Problem to solve: Please return the full listing word for word, leaving out any pictures.
"""
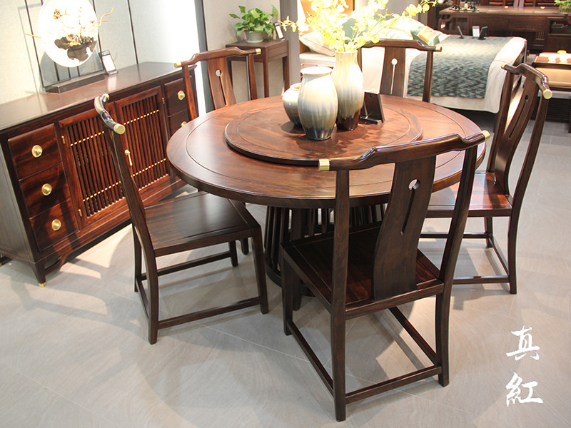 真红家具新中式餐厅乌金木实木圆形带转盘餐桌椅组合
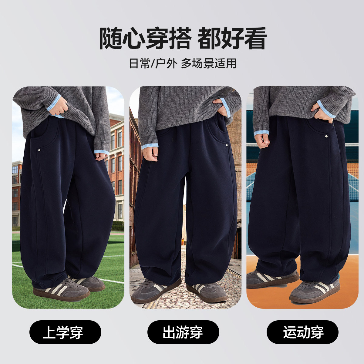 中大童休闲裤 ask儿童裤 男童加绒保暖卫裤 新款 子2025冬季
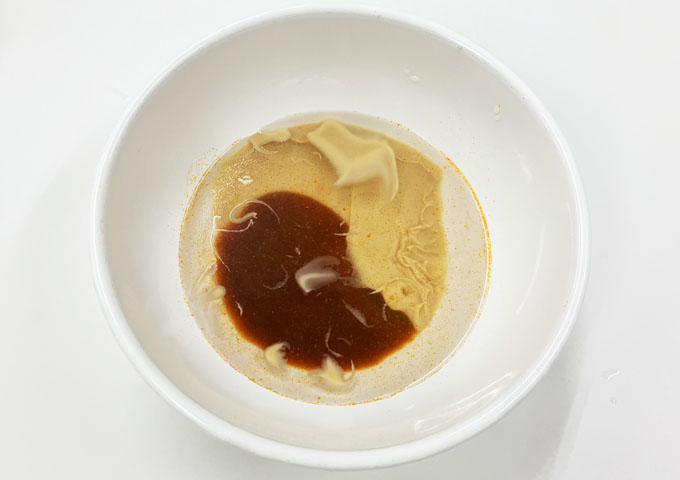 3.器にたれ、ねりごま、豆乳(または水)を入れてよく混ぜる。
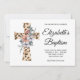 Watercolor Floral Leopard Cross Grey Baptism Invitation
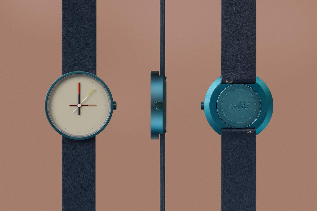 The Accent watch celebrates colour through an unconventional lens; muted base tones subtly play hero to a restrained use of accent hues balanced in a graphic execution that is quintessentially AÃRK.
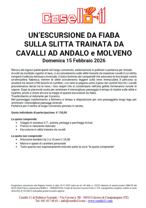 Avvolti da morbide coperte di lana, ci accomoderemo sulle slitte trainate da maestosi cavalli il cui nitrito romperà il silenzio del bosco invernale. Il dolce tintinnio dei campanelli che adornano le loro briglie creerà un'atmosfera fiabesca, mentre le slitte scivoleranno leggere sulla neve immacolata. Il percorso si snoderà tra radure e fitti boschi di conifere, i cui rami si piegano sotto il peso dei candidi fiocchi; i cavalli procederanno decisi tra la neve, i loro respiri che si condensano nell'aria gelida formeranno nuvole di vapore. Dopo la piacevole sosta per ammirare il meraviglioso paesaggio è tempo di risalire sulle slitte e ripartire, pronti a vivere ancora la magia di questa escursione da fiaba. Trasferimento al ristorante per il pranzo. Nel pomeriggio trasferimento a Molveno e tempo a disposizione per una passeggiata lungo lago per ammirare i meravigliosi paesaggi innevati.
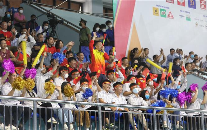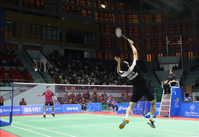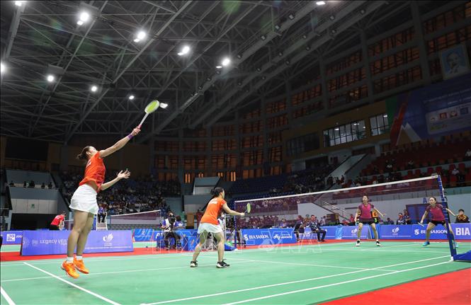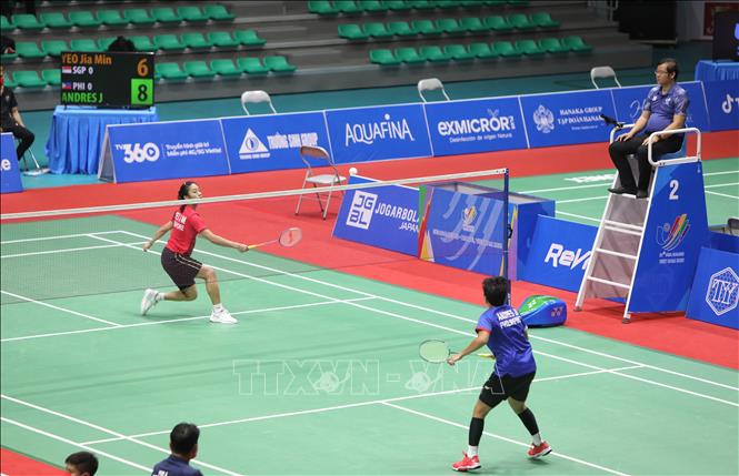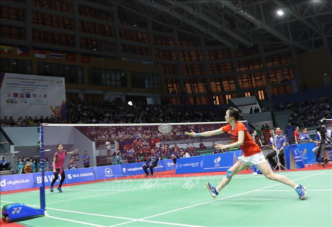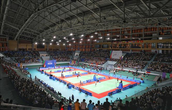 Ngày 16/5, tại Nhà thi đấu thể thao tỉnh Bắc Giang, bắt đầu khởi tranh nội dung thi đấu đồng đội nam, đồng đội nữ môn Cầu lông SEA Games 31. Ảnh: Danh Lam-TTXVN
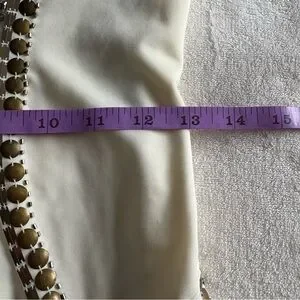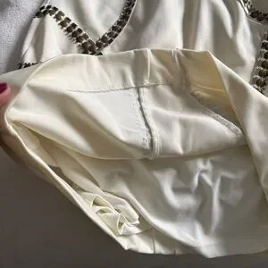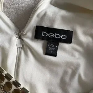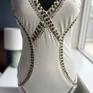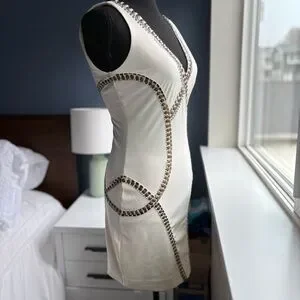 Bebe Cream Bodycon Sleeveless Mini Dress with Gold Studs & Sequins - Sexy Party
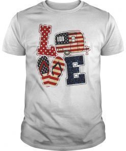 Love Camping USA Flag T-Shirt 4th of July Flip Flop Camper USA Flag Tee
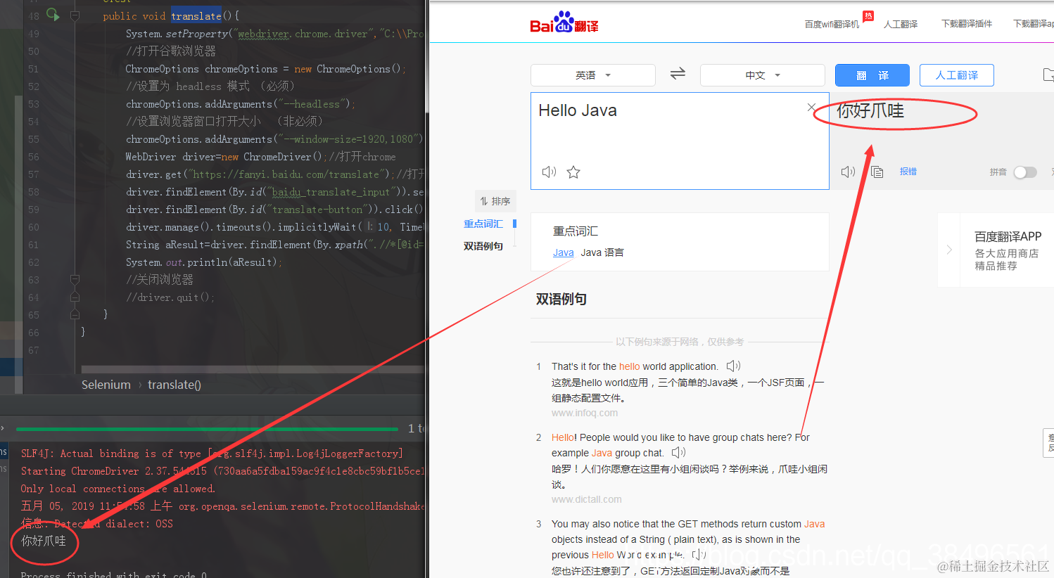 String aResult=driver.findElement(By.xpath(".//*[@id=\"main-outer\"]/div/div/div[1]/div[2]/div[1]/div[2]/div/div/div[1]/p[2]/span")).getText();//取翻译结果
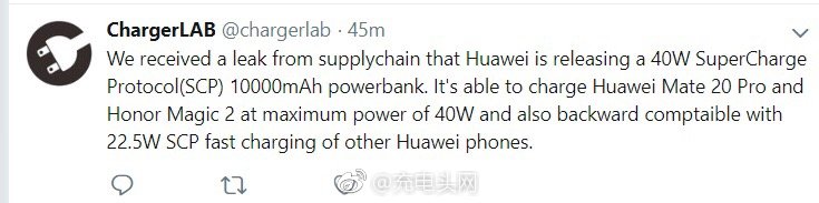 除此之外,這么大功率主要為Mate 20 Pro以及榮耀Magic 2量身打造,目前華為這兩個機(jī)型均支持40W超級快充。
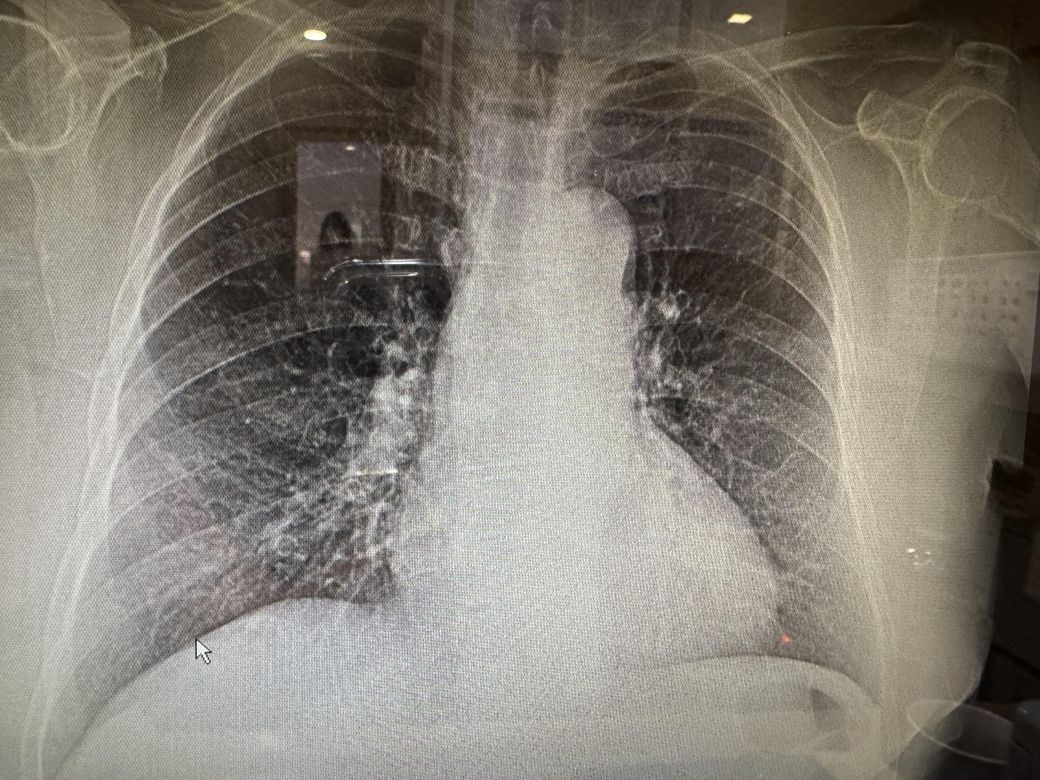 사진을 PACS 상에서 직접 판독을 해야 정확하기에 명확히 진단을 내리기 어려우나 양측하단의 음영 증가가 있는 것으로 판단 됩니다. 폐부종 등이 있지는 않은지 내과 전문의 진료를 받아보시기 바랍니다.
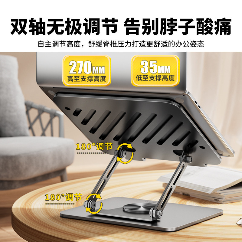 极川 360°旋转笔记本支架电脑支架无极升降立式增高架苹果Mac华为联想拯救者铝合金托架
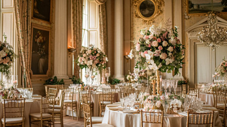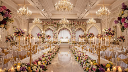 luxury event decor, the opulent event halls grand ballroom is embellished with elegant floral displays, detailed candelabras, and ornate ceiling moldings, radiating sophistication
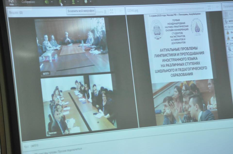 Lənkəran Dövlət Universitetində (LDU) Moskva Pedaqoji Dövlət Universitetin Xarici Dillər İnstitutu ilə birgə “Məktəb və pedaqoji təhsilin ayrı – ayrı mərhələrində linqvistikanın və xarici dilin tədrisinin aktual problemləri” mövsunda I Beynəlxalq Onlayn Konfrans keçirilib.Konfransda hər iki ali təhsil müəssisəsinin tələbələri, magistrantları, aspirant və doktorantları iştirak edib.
"""
Exercise response:
 真红家具新中式餐厅乌金木实木圆形带转盘餐桌椅组合
 中大童休闲裤 ask儿童裤 男童加绒保暖卫裤 新款 子2025冬季
 3.器にたれ、ねりごま、豆乳(または水)を入れてよく混ぜる。
 Watercolor Floral Leopard Cross Grey Baptism Invitation
 The Accent watch celebrates colour through an unconventional lens; muted base tones subtly play hero to a restrained use of accent hues balanced in a graphic execution that is quintessentially AÃRK.
 Avvolti da morbide coperte di lana, ci accomoderemo sulle slitte trainate da maestosi cavalli il cui nitrito romperà il silenzio del bosco invernale. Il dolce tintinnio dei campanelli che adornano le loro briglie creerà un'atmosfera fiabesca, mentre le slitte scivoleranno leggere sulla neve immacolata. Il percorso si snoderà tra radure e fitti boschi di conifere, i cui rami si piegano sotto il peso dei candidi fiocchi; i cavalli procederanno decisi tra la neve, i loro respiri che si condensano nell'aria gelida formeranno nuvole di vapore. Dopo la piacevole sosta per ammirare il meraviglioso paesaggio è tempo di risalire sulle slitte e ripartire, pronti a vivere ancora la magia di questa escursione da fiaba. Trasferimento al ristorante per il pranzo. Nel pomeriggio trasferimento a Molveno e tempo a disposizione per una passeggiata lungo lago per ammirare i meravigliosi paesaggi innevati.
 Ngày 16/5, tại Nhà thi đấu thể thao tỉnh Bắc Giang, bắt đầu khởi tranh nội dung thi đấu đồng đội nam, đồng đội nữ môn Cầu lông SEA Games 31. Ảnh: Danh Lam-TTXVN
 Bebe Cream Bodycon Sleeveless Mini Dress with Gold Studs & Sequins - Sexy Party
 Love Camping USA Flag T-Shirt 4th of July Flip Flop Camper USA Flag Tee
 String aResult=driver.findElement(By.xpath(".//*[@id=\"main-outer\"]/div/div/div[1]/div[2]/div[1]/div[2]/div/div/div[1]/p[2]/span")).getText();//取翻译结果
 除此之外,這么大功率主要為Mate 20 Pro以及榮耀Magic 2量身打造,目前華為這兩個機(jī)型均支持40W超級快充。
 사진을 PACS 상에서 직접 판독을 해야 정확하기에 명확히 진단을 내리기 어려우나 양측하단의 음영 증가가 있는 것으로 판단 됩니다. 폐부종 등이 있지는 않은지 내과 전문의 진료를 받아보시기 바랍니다.
 极川 360°旋转笔记本支架电脑支架无极升降立式增高架苹果Mac华为联想拯救者铝合金托架
 luxury event decor, the opulent event halls grand ballroom is embellished with elegant floral displays, detailed candelabras, and ornate ceiling moldings, radiating sophistication
 Lənkəran Dövlət Universitetində (LDU) Moskva Pedaqoji Dövlət Universitetin Xarici Dillər İnstitutu ilə birgə “Məktəb və pedaqoji təhsilin ayrı – ayrı mərhələrində linqvistikanın və xarici dilin tədrisinin aktual problemləri” mövsunda I Beynəlxalq Onlayn Konfrans keçirilib.Konfransda hər iki ali təhsil müəssisəsinin tələbələri, magistrantları, aspirant və doktorantları iştirak edib.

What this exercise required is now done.